‘Get ready for first GST filing deadline’

IT back end won’t crash, says Kumar

August 09, 2017 10:01 pm | Updated 10:01 pm IST - NEW DELHI

NEW DELHI, 15/09/2016: Navin Kumar, Chairman, Goods and Services Tax Network (GSTN), in New Delhi on September 15, 2016. 
Photo: Kamal Narang

NEW DELHI, 15/09/2016: Navin Kumar, Chairman, Goods and Services Tax Network (GSTN), in New Delhi on September 15, 2016. Photo: Kamal Narang

Millions of companies in India are still not ready to file their first returns under the new Goods and Services Tax (GST) ahead of an Aug. 20 deadline, a top official told Reuters, urging them not to leave things to the eleventh hour.

Navin Kumar, chairman of the GST Network, also said barely half of the 34 service providers accredited to help firms bulk-file invoices online had received approval to go live.

Yet he gave an assurance that the huge IT back end that is designed to crunch up to 3 billion invoices a month and calculate companies’ taxes would be stable, even if there is a last-minute rush to file.

Last day rush

“It will not crash,” he told Reuters in an interview. “We are working on the assumption that 50% of the people will come on the last day.”

Billed as India’s biggest-ever tax reform, the GST has replaced a slew of federal and state levies.
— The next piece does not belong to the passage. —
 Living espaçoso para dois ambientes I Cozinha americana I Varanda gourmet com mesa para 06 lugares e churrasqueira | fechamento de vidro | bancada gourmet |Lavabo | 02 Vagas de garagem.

It has also cleared barriers between India’s 29 states, uniting its 1.3 billion people into a common market for the first time.
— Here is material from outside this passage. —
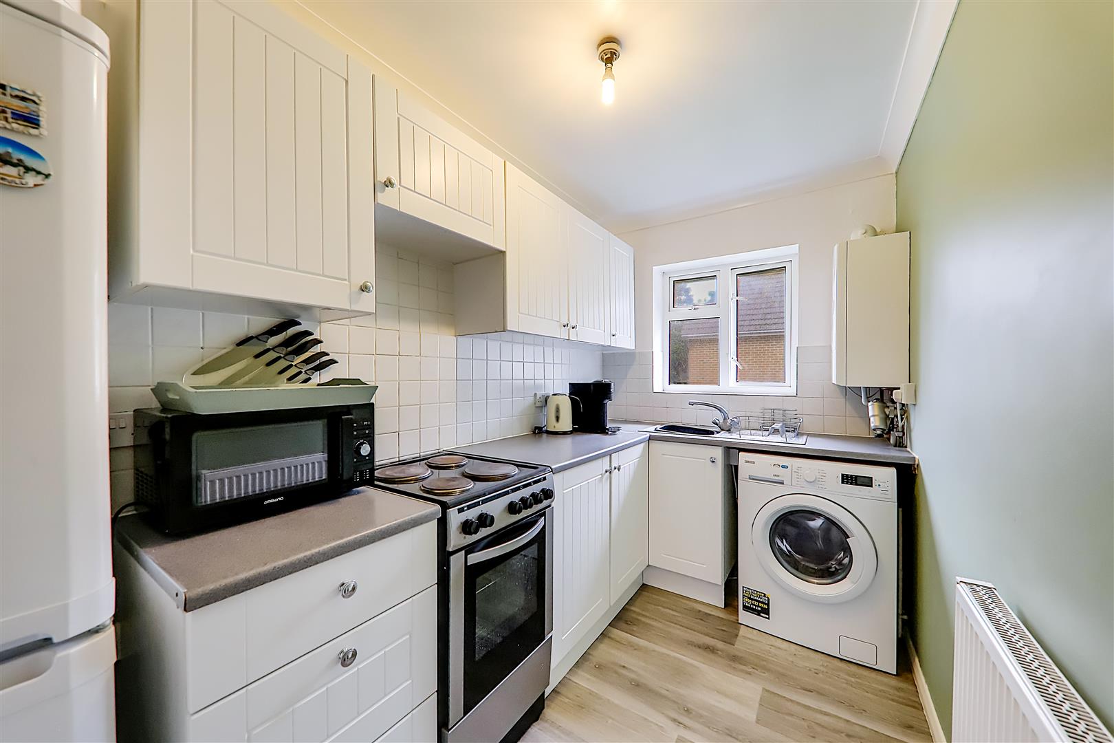Vinyl flooring, roll edge laminate work surfaces with cupboards below & matching eye level cupboards, space for oven, washing machine & fridge freezer, inset stainless steel single drainer sink unit with mixer tap, tiled splashback, wall mounted combination boiler, radiator, PVCU double glazed window, skimmed ceiling.

Yet the complexity of the tax — which has main rates of 5, 12, 18 and 28% and multiple exceptions — has raised concerns that companies will struggle to comply and file their monthly returns on time.
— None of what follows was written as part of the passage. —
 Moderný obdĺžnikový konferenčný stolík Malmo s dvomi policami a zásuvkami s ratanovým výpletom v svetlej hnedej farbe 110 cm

Even before the GST filings kick in, business surveys showed both the services and manufacturing sectors contracting at their fastest rate in years, heralding a likely dip in indirect tax revenues.

The government has allowed firms to file simplified, self-assessed GST returns by Aug. 20 for the month of July, when the tax was introduced.

They will have to file complete returns in early September that itemise and reconcile every single sales invoice under a regime that, by comparison with other countries, is labour- and data-intensive.

More than 7 million existing taxpayers have activated accounts on the GST’s portal — although about a third have yet to complete the form-filling required to file a full tax return, Mr. Kumar said.

Another 1.3 million new firms have registered to pay GST.

VAT’s online experience

He waved away concerns that companies would not be able to cope, saying that those used to paying value-added tax — now abolished — were used to online filing.

Although companies can upload invoices directly into the GST portal, big businesses will rely on a new breed of service provider whose applications can format, reconcile and upload invoices in bulk.

Of a first batch of 34 services providers that have been accredited, only 18 have received permission to go live. “I have been urging them to speed up their work,” Mr. Kumar said.